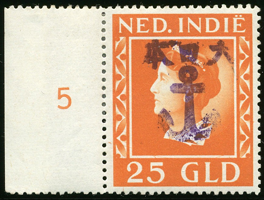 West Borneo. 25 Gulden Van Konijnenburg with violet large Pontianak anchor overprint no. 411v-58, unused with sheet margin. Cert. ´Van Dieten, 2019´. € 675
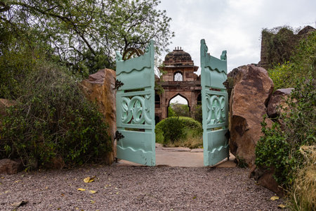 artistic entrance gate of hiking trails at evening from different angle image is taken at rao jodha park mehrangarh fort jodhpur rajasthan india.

────

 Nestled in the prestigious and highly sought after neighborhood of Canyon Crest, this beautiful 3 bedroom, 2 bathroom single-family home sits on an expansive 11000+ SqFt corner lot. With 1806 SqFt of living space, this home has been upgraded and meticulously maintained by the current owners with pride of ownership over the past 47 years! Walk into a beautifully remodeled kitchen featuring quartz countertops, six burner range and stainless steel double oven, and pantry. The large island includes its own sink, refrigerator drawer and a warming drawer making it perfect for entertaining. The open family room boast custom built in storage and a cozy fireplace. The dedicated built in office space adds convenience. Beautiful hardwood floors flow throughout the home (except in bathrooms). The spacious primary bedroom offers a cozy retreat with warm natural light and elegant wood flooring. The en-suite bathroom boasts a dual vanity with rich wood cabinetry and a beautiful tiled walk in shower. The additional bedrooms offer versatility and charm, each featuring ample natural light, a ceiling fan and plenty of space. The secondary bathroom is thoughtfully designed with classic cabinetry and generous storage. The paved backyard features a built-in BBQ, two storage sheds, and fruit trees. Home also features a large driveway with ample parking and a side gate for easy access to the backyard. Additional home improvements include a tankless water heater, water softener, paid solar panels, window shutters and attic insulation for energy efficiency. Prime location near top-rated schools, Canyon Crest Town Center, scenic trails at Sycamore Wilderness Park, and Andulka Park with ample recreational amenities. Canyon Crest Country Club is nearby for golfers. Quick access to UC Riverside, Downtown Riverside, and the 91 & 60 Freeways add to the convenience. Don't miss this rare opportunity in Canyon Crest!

────

» What you should do
Keep to the stretch from the line containing "West Borneo. 25" through the line containing "artistic entrance gate", both ends included, and copy it exactly from the listing above, minus the pictures.

» Exercise answer
 West Borneo. 25 Gulden Van Konijnenburg with violet large Pontianak anchor overprint no. 411v-58, unused with sheet margin. Cert. ´Van Dieten, 2019´. € 675
 artistic entrance gate of hiking trails at evening from different angle image is taken at rao jodha park mehrangarh fort jodhpur rajasthan india.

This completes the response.